# Work task:
What is needed is an exact repetition of the lines below, from the first one through the one holding "本网讯(宣传统战部 李代玉)", with no pictures and nothing else.

# Data below:
Content starts

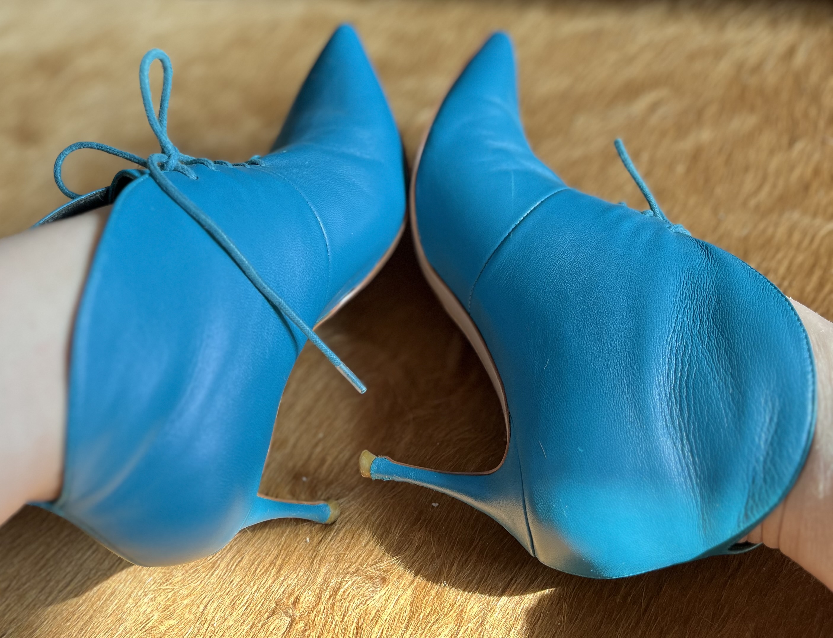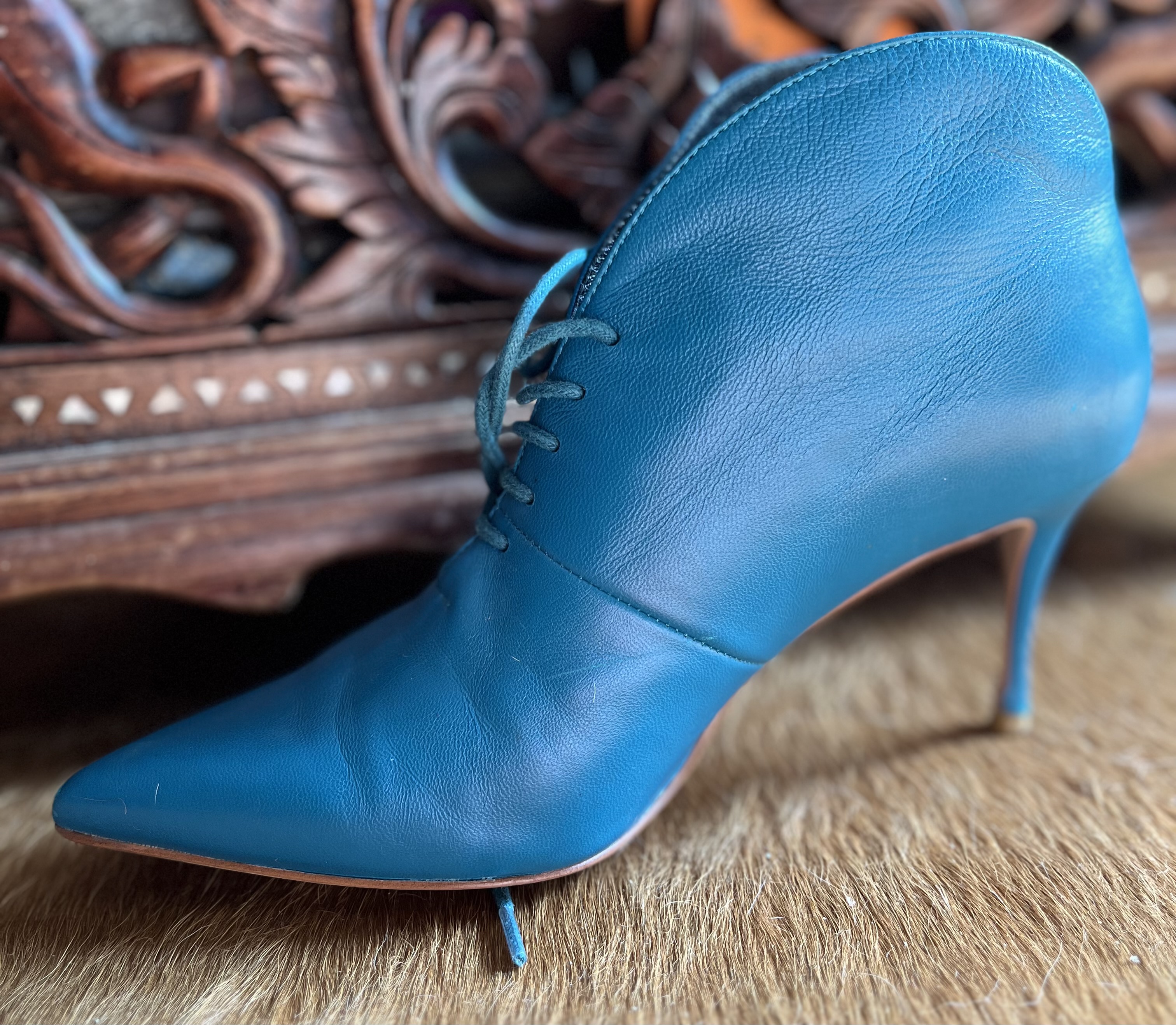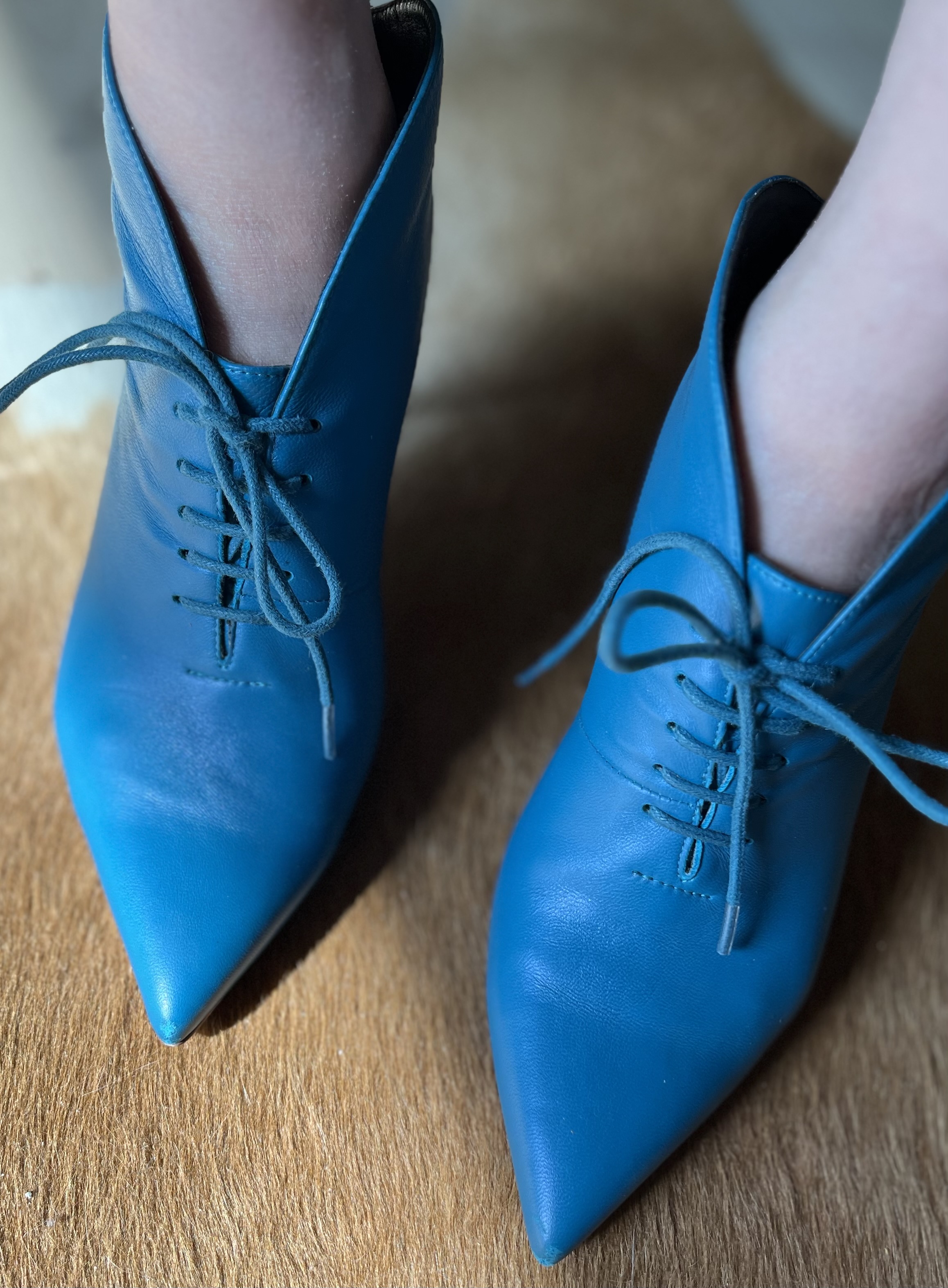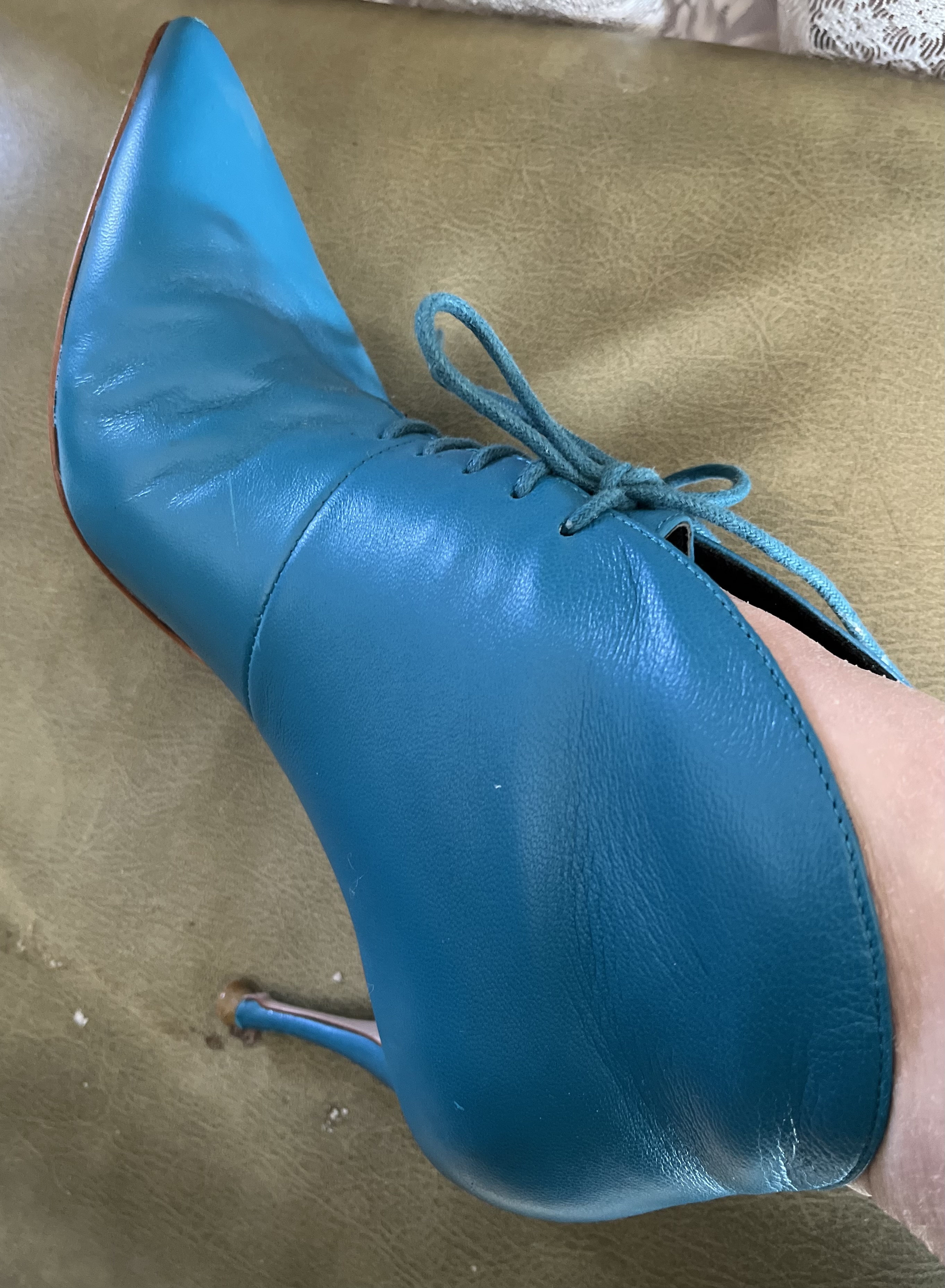 사진엔 컬러가 조금 환해 보이는 블루같은데요 실물은 다운된 teal blue 입니다 더 멋쟁이 컬러죠 한국에선 이런 컬러를 잘 쓰지 않을꺼예요 조합하여 섞이기 힘든 컬러라 그럴테죠 하지만 유럽이나 미국, 이 컬러를 참 여기저기 많이씁니다 보태가 베네타의 꼬임백에도 틸 블루가 있고 커튼, 슈즈, 백, 심지어 의류에도 사용하지요 옆모습의 잘빠진 곡선이 얄상하니 잘 빠졌습니다 세련됨까지 갖췄구요 부들부들양가죽임에 틀림없어보입니다 샤샤 파비아니라는 브랜드인데 제 생각엔 Spain 산 같군요 한가지 쬐금 안타까운부분은 부츠 앞 코에 미세한 까짐이 있는데 실물로 보면 아무것도 아닌 아니 찾아보지않으면 뵈지도 않을 흠이라 걱정은 붙잡아 주셔도 좋습니다 부츠바닥의 몇번 신은 흔적 - 상관없는 부분이죠- 이외에는 굉장히 좋은 컨디션입니다 37 size 볼 좁은 240. 포인트 제품
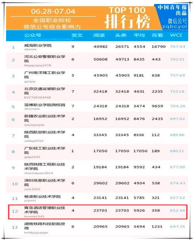 本网讯(宣传统战部 李代玉)7月6日,在中国青年报出品的《全国普通高校微信公号排行榜[6.28-7.4]》中,学院官方微信公众号“威尼斯WNS9778(hismile1945)”综合影响力位列全国职业院校第十二位,四篇推文全部进入全国职业院校单周文章阅读量top100排行榜。
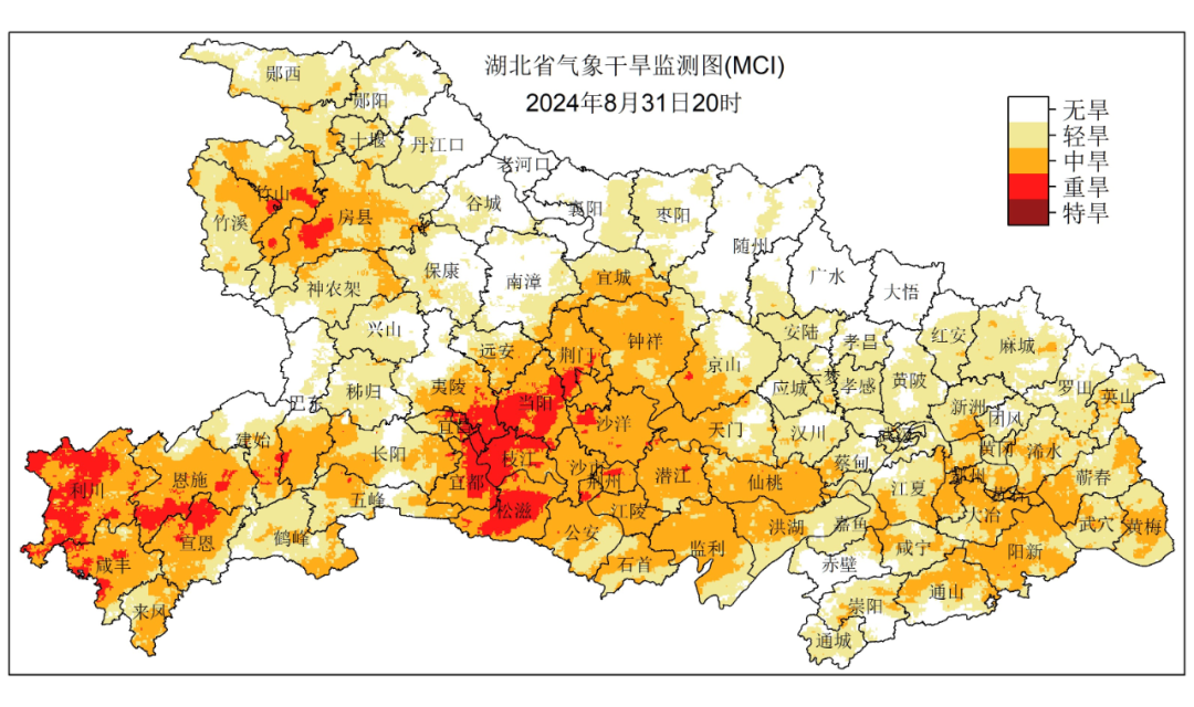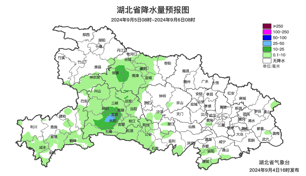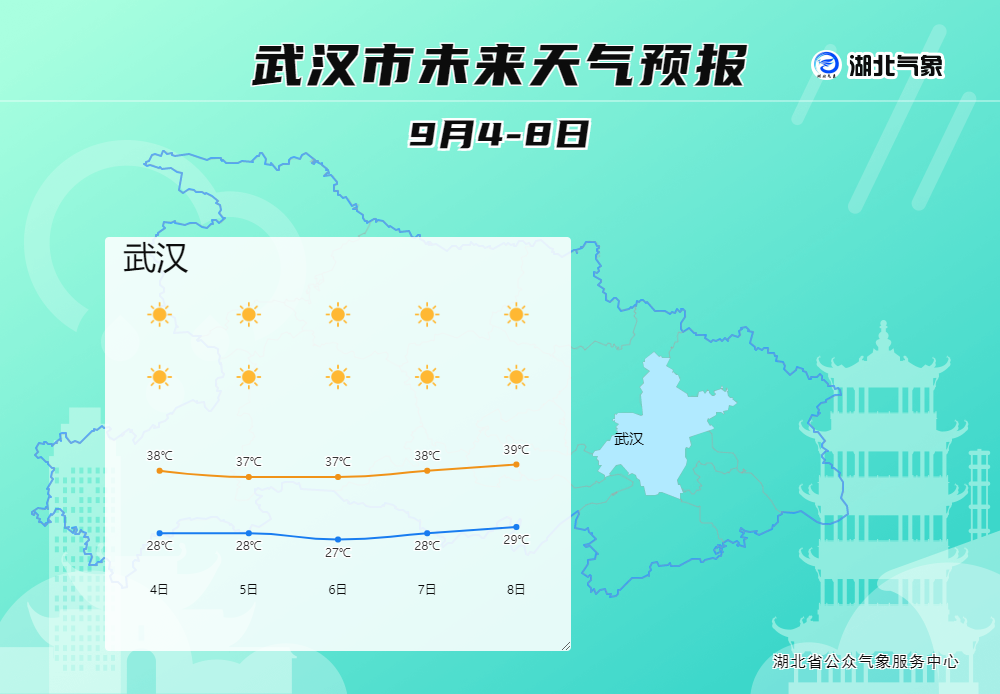 预计9月13日以前,全省大部分地区晴热高温天气将持续。最高气温35~39℃、局地40℃以上。需要注意的是:5日前后,受弱冷空气影响,全省有分散性阵雨或雷阵雨,局地有短时强降水、雷暴大风等强对流天气,提醒大家外出注意携带雨具。未来两天冷空气会给鄂西北地区带来明显降温,但是对其它地区气温影响不大,预计13日以后全省高温强度将有所减弱。
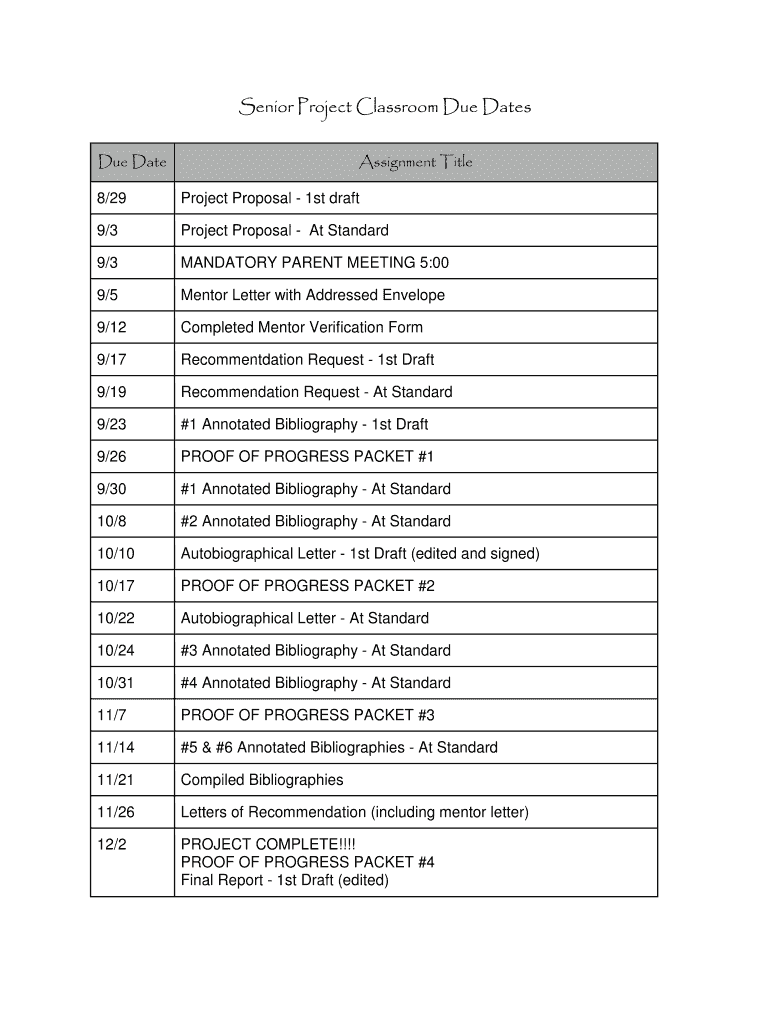 Senior Project Classroom Due Dates Due Date Assignment Title 8/29 Project Proposal 1st draft 9/3 Project Proposal At Standard 9/3 MANDATORY PARENT MEETING 5:00 9/5 Mentor Letter with Addressed Envelope

Content ends

# Response below:
 사진엔 컬러가 조금 환해 보이는 블루같은데요 실물은 다운된 teal blue 입니다 더 멋쟁이 컬러죠 한국에선 이런 컬러를 잘 쓰지 않을꺼예요 조합하여 섞이기 힘든 컬러라 그럴테죠 하지만 유럽이나 미국, 이 컬러를 참 여기저기 많이씁니다 보태가 베네타의 꼬임백에도 틸 블루가 있고 커튼, 슈즈, 백, 심지어 의류에도 사용하지요 옆모습의 잘빠진 곡선이 얄상하니 잘 빠졌습니다 세련됨까지 갖췄구요 부들부들양가죽임에 틀림없어보입니다 샤샤 파비아니라는 브랜드인데 제 생각엔 Spain 산 같군요 한가지 쬐금 안타까운부분은 부츠 앞 코에 미세한 까짐이 있는데 실물로 보면 아무것도 아닌 아니 찾아보지않으면 뵈지도 않을 흠이라 걱정은 붙잡아 주셔도 좋습니다 부츠바닥의 몇번 신은 흔적 - 상관없는 부분이죠- 이외에는 굉장히 좋은 컨디션입니다 37 size 볼 좁은 240. 포인트 제품
 本网讯(宣传统战部 李代玉)7月6日,在中国青年报出品的《全国普通高校微信公号排行榜[6.28-7.4]》中,学院官方微信公众号“威尼斯WNS9778(hismile1945)”综合影响力位列全国职业院校第十二位,四篇推文全部进入全国职业院校单周文章阅读量top100排行榜。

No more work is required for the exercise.